Number of Participants With Modulated Cognitive Performance	28 days	Cognitive performance was assessed by a range of cognitively demanding tasks on day 28 of the supplementation period. Participants were deemed to have significant modulation of cognitive performance if their scores on these tasks were significantly different from scores taken on day 1.

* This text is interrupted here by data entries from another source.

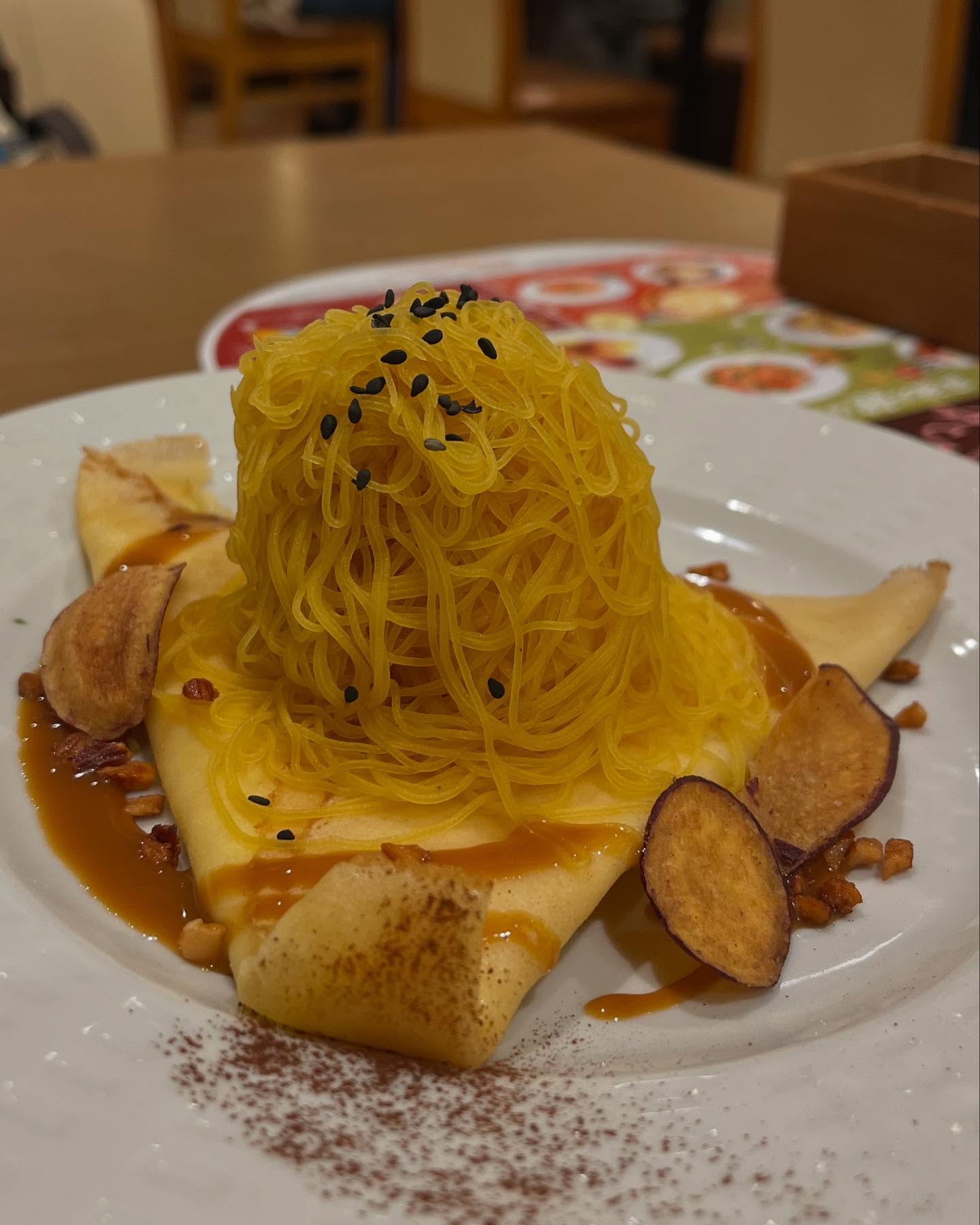 ココスのおいもフェア🍠 おいもンブランのクレープを食べたよ! モンブラン×キャラメルの組み合わせが最高に美味しかった! でも…食べ終わってから気づいた。紅はるかの一口焼き芋、ついてなかった😭笑 #ココス #おいもフェア #おいもンブラン #さつまいもスイーツ #モンブラン好き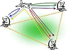 Avec une configuration multistatique, la connaissance des retards entre les échos provenant de trois émetteurs en se réfléchissant sur une même cible permet de déterminer les coordonnées de la position de cette cible (intersection de trois ellipsoïdes de révolution, comme la figure ci-contre. De plus, en notant les décalages Doppler des signaux, il est possible de déterminer explicitement les composantes du vecteur vitesse de la cible. Si l'on dispose d'au moins trois géométries différentes de couples émetteur-récepteur non liés, alors le vecteur vitesse obtenu est un vecteur vitesse absolu et non un simple vecteur radial comme dans un radar monostatique ou bistatique[2].
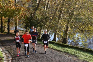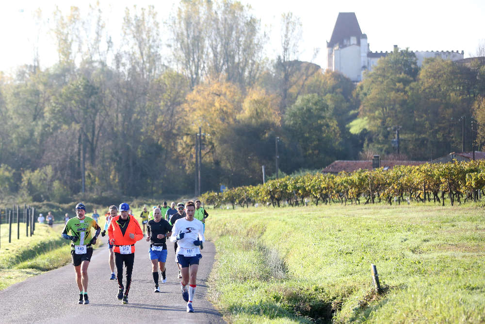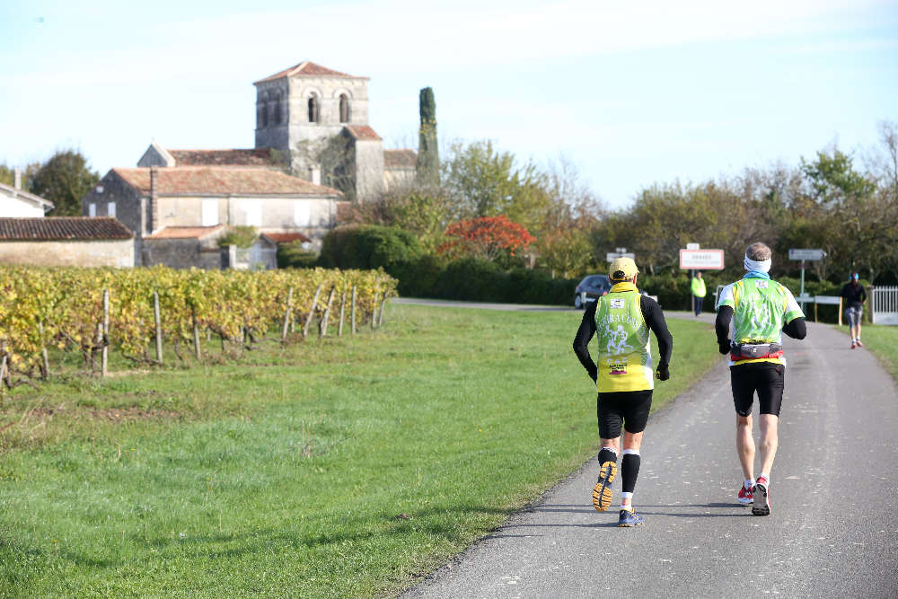 Weiter geht es bald darauf einen Parkweg durch einen Wald, der Weg geht in eine Wiese über - die eigentlich nur noch Matsch und Pampe ist. Mehr balancierend als laufend erreiche ich den Hof eines Schlösschens (Château de Triac), leider bleibt der Straßburger Kompagnon zurück. Gestärkt durch einen Blick auf die Versorgungsstation (neben Cognac gibt es hier eine breite Palette kulinarischer Genüsse wie Schmalzstullen oder Austern) suche ich mir einen neuen Laufpartner. Der ist allerdings mehr mit sich selbst beschäftigt, so trabe ich gerade allein bei Kilometer 37, als mich ein Pärchen überholt und etwas Aufmunterndes sagt. Ich sage, dass ich mich gern die beiden anschließe: eine hervorragende Idee!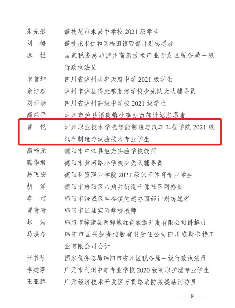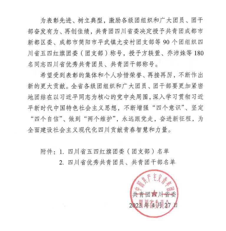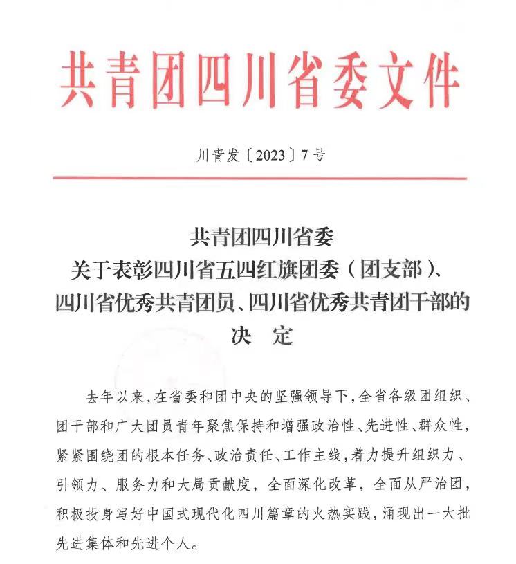 近日,共青团四川省委颁发川青发[2023]7号文件,威廉希尔体育2021级汽车制造与试验技术专业员工曾悦经审核、公示无异议,被团省委评为“四川省优秀共青团员”。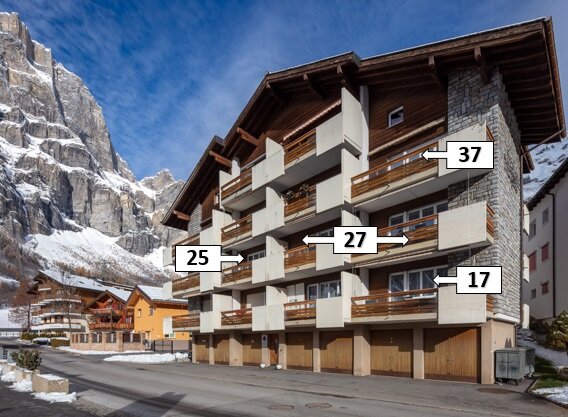Die grösste Wohnung (Nr. 27, 3½-Zimmer, ca. 80 m2) bietet Platz für bis zu 6 Personen. Sie verfügt über ein Doppelzimmer, ein geräumiges Wohnzimmer mit Ecksofa, Sessel, TV, WLAN, Esstisch, Balkon mit Sonnenstoren, Tisch und Wäscheständer, eine gut ausgestattete offene Küche mit Geschirrspüler, Mikrowelle, Kaffeemaschine, Toaster, Wasserkocher, Fondue-Caquelon, Raclette-Ofen und kleinem Balkon, ein Badezimmer mit WC/Dusche und Föhn sowie ein grosses Zimmer mit Doppelbett, Kajütenbett, TV, kleinem Tisch, eigenem Balkon mit Sonnenstoren und eigenem Badezimmer mit WC/Dusche.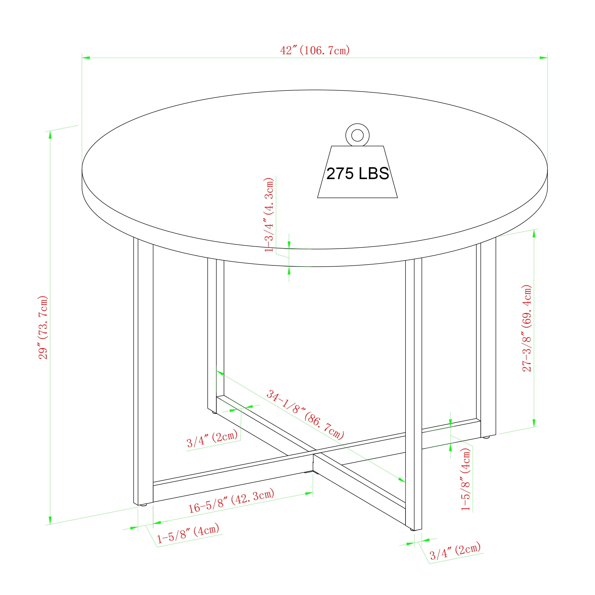 Urban industrial style Coastal Oak finish Comfortably seats up to 4 people Sturdy metal-x base creates a modern feel Versatile silhouette complements a wide variety of aesthetics Perfect for small-space living Made from warp-resistant MDF, durable laminate, and steel Ships ready-to-assemble with step-by-step instructions Assembled dimensions: 29” H x 42” L x 42” W Packaged dimensions: 4″ H x 45″ L x 45″ W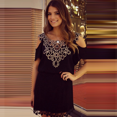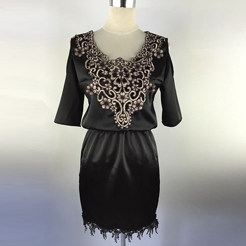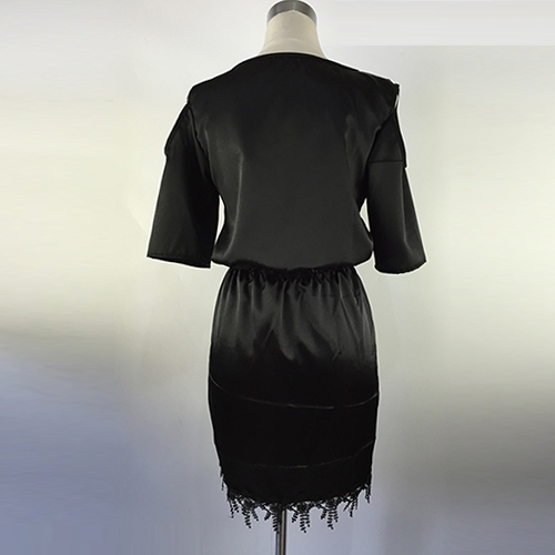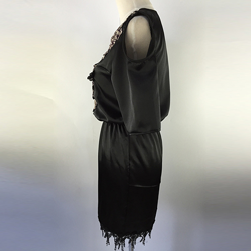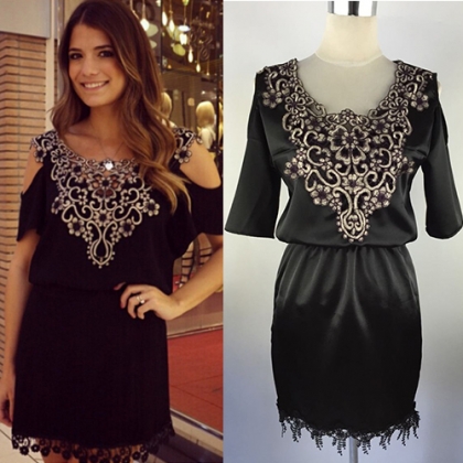 Retro and stylish style. It features lace splice design,off-shoulder style,sexy and charming.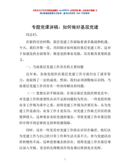 / 专题党课讲稿:如何做好基层党建

Number of Participants With Significant Modulation of Sleep	Day 28	Subjective perception of sleep quality was assessed with the PSQI. Participants were deemed to have significant modulation of sleep if scores on Week 1, Week 2, Week 3 and/or Week 4 differed significantly from those on day 1 (baseline).
Number of Participants With Significant Modulation of Health	Day 28	Subjective perceptions of health were assessed with the General Health Questionnaire. Participants were deemed to have significant modulation of health if scores on Week 1, Week 2, Week 3 and/or Week 4 differed significantly from day 1 (baseline) completion.
Number of Participants With Significant Modulation of Blood Pressure	28 days	Participants were deemed to have significant modulation of blood pressure if their readings on day 28 differed significantly from that taken on day 1 (baseline).
Number of Participants With Significant Modulation of CBF in MCA	28 days	CBF was assessed in the middle cerebral artery (MCA) with Trans-cranial doppler via a trans- temporal acoustic window. Participants were deemed to have significant modulation of CBF in the MCA if readings differed significantly from those obtained on day 1 (baseline).